Nós somos muito mais complexos do que imaginamos ser.
Podemos perceber o quão complexo somos com o “simples” fato de olharmos como se dá, de fato, o relacionamento humano.
Quando nos relacionamos com uma outra pessoa, seja numa amizade ou num namoro e até mesmo nos “ficas” que, infelizmente é algo tão comum hoje, não existe apenas uma troca de conhecimento de uma historia de vida, relacionar-se com o outro não é apenas saber do que esse outro gosta ou pensa, não é somente troca de carícias, abraço, beijo. O relacionamento humano vai muito mais longe, chega a uma dimensão que transcende.
Ao nos relacionarmos com um outro entramos numa comunhão tão profunda de vida que acabamos unindo ao outro tudo aquilo que temos; as nossas qualidades e também as nossas feridas.
Sim, é isso mesmo, nossas feridas acabam afetando o outro. É por isso que acabamos, muitas das vezes, ferindo o outro quando não queríamos.
Ao relacionar-se com uma outra pessoa as nossas feridas a afeta e, se esse alguém não tiver a maturidade necessária para saber lhe dar com as feridas desse outro, ela acabará se envolvendo com elas e acabará se ferindo com as feridas do outro.
É por isso que as feridas precisam ser curadas. Uma ferida aberta no passado que não foi curada será sempre uma ferida presente e viva, geradora de novas feridas.
O que mais me impressiona em Jesus não era a quantidade de milagres que ele fazia, mas era a sua capacidade de amar, de dar ao homem o que de fato ele precisava. As curas que ele realizava não eram, nenhuma delas, curas somente físicas, eram curas na alma, curas de um passado ferido.
Jesus sabia que somente a cura de uma alma, de uma história ferida, era capaz de fazer uma pessoa ser livre de verdade. E ele sabia que somente a verdade era capaz disso, de revelar a ferida com o objetivo de ser curada. Foi isso que ele fez com aquele paralitico entrevado há anos numa maca por causa de uma paralisia. Jesus não o cura, de imediato, fisicamente, mas ao dizer: “Os teus pecados estão perdoados.” Jesus realiza a primeira cura daquele homem e ela acontece na sua história, Jesus cura as feridas de sua alma e lhe dá a paz, somente após isso a cura física lhe é concedida.
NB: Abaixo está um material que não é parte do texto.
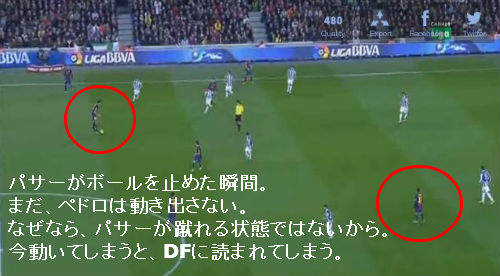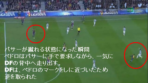 では、画像で動画1:32のシーンを振り返る。ペドロにスーパースルーパスが出たシーン。

Uma alma, uma história ferida será sempre uma ferida que se revela no corpo, não adianta querer esquecer uma lembrança dolorosa, enterrar não é resolver, enterrar é guardar pra sempre algo que só trará sofrimento desnecessário.
Jesus sabia disso e a cura física daquele cego não foi com o objetivo de somente curar uma cegueira, mas essa cura se deu porque aquele homem precisava curar sua alma e essa cura só se daria se ele visse a verdade, verdade essa revelada nos olhos de Jesus. Por isso a cura física desse cego tem o objetivo de fazer com que aquele homem pudesse olhar, literalmente, olhar nos olhos de Jesus, porque somente assim, naqueles olhos, tudo seria revelado, tudo seria curado. Eram as feridas de sua alma, da sua história, que o cegava fisicamente. São as feridas de nossa historia, da nossa alma, que nos cega. Feridas que não nos permite ver a verdade e é por isso que a única coisa que pode resolver isso é a própria verdade.
Uma lembrança que atormenta e causa dor, uma lembrança que até nos causa indiferença é certeza de uma historia ferida e ferida não curada.
Curar o passado é curar o presente na perspectiva de um futuro livre, pois é descongelando o passado que se verá o rio da vida correr livremente sem barreiras que o impeça de seguir seu curso. Permitir-se curar numa historia dolorida é permitir-se viver uma vida verdadeiramente santa, pois não há santidade sem liberdade nem há santidade sem maturidade. E quer maior maturidade que CONHECER-SE e PERMITIR-SE ser curado?